Toberahoonard, Cathair Bó Sine, Co. Kerry
Co. Kerry |
Holy Sites & Wells
A concrete surround and a practical role supplying water to a farmyard are not what most people picture when they think of a holy well, yet that is the present condition of the well known as Toberahoonanara, or Tobar an Chapaill, meaning the Horse's Well, on the Dingle Peninsula in County Kerry.
It sits immediately south-west of the small settlement of Caherboshina, at the foot of the eastern slopes of Lateevemore, and to look at it now you would have little reason to suspect that it was ever anything other than a useful source of water.
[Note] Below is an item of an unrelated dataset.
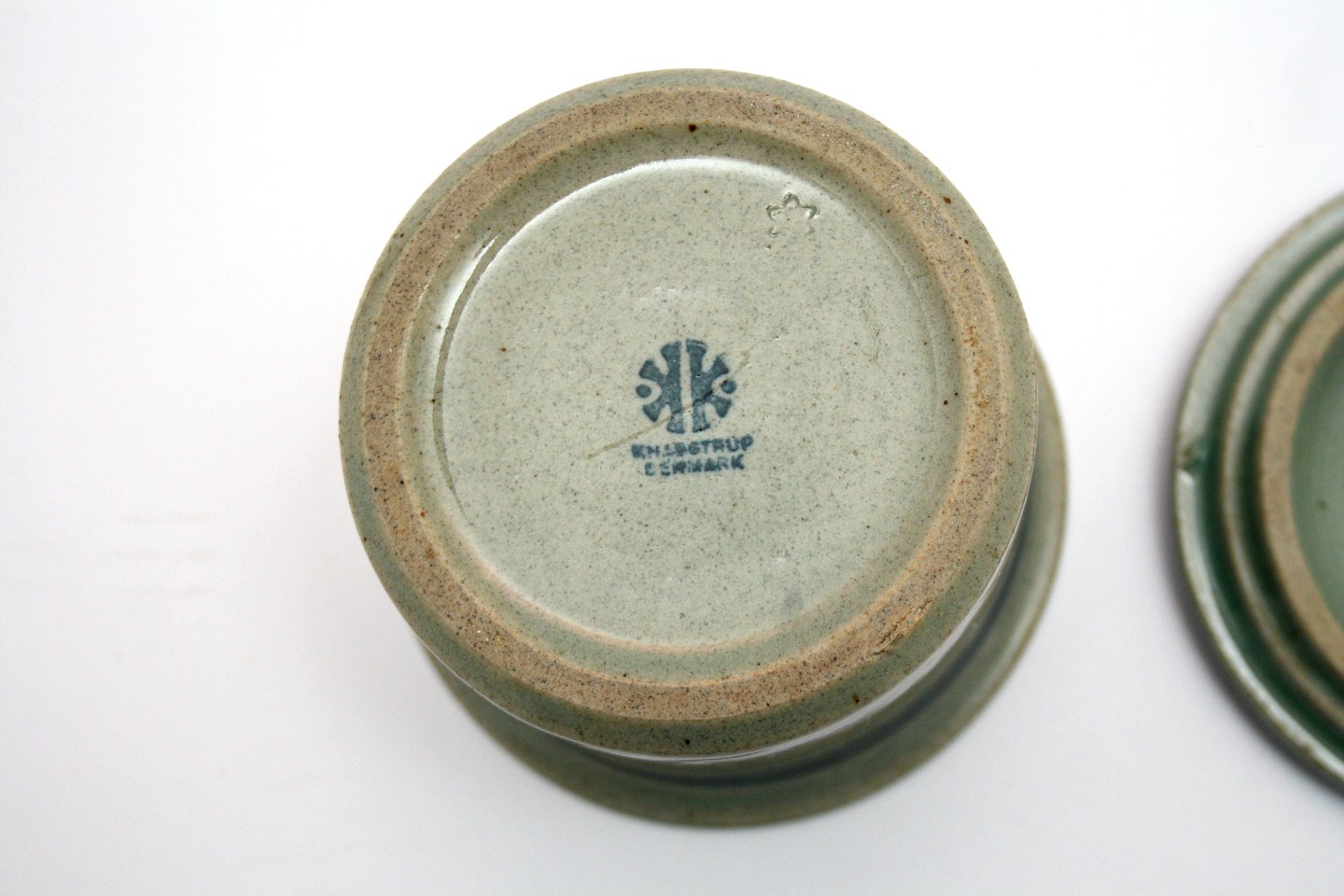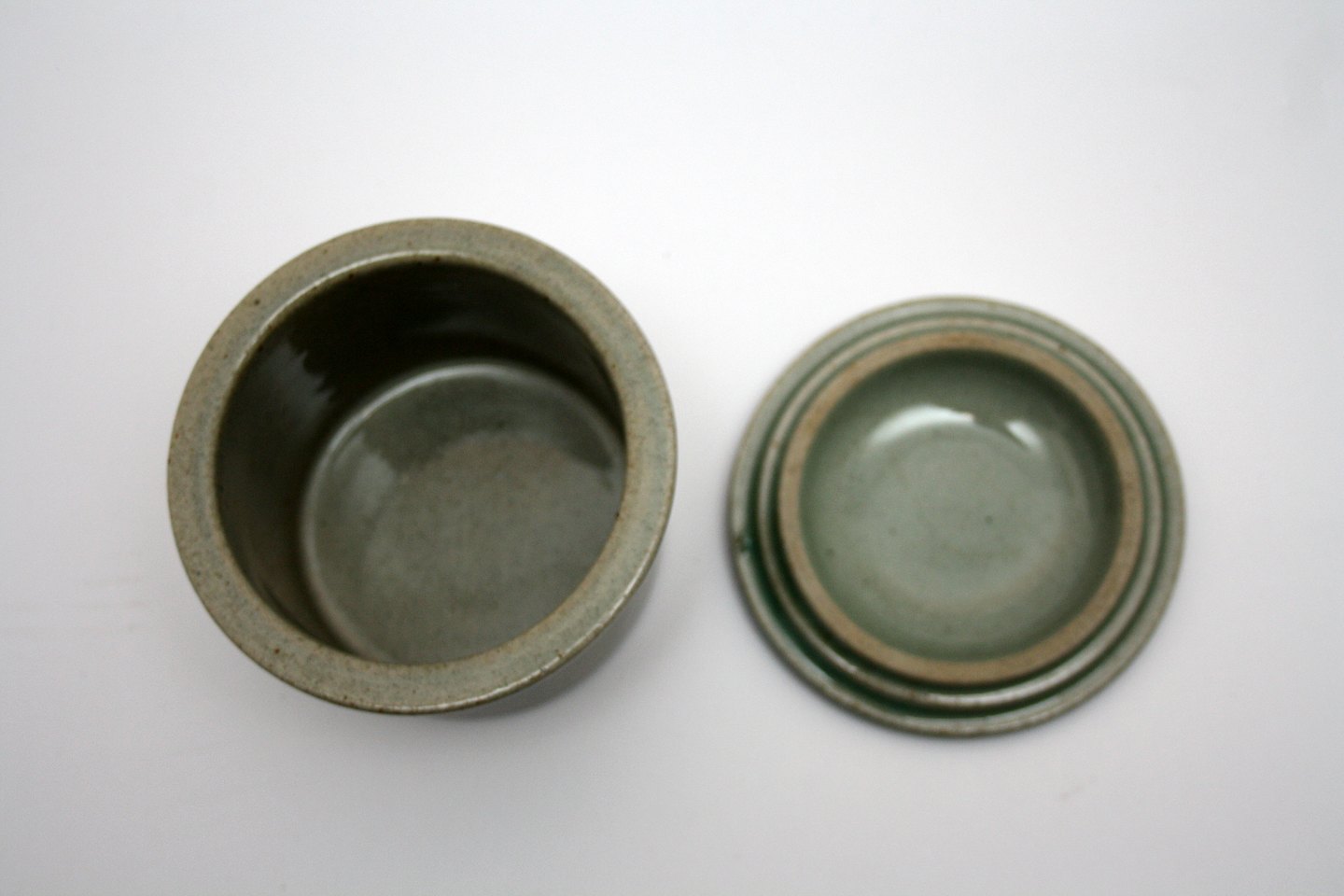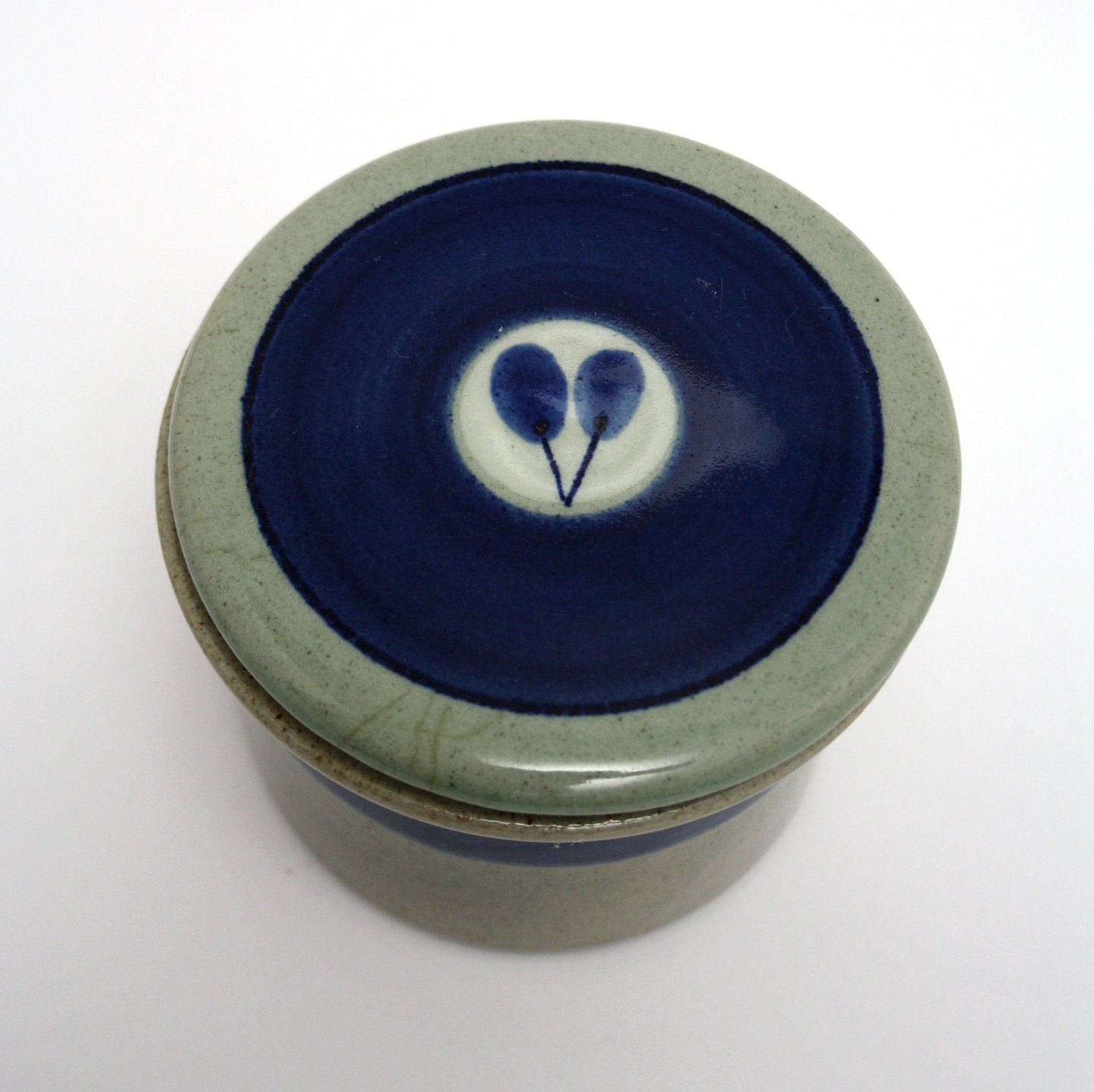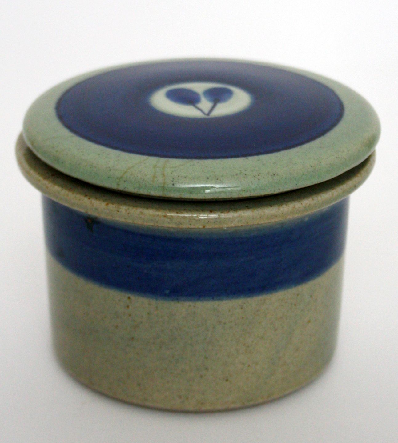 Knabstrup, Kattegat stentøjsstel grå glasur med blå kant og bærmotiv. Designet af Inger Persson 1975. Sukker eller marmeladeskål med låg. Diameter 11 cm. Højde 8 cm. Pris: 150 kr. stk. Lager: 1

Holy wells were focal points of local devotion throughout Ireland, often visited on the feast day of an associated saint, with patterns of prayer, ritual circumambulation, and the leaving of votive offerings. What remains of that tradition here is described as vague, a word worth pausing on. Folklorist Caoimhín Ó Danachair noted in 1960 that some memory of former devotions clung to the site, though the details had already grown indistinct by that point. The well also carries an alternative place-name, Toberahoonanara, and the Irish Tobar an Chapaill, the Horse's Well, a name that may hint at older associations now difficult to recover. The surrounding area, Corca Dhuibhne, the Dingle Peninsula, is extraordinarily dense with early Christian and prehistoric remains, and wells of this kind were often bound up with that longer landscape of sacred geography, even when the specific devotional practices attached to them faded from living memory.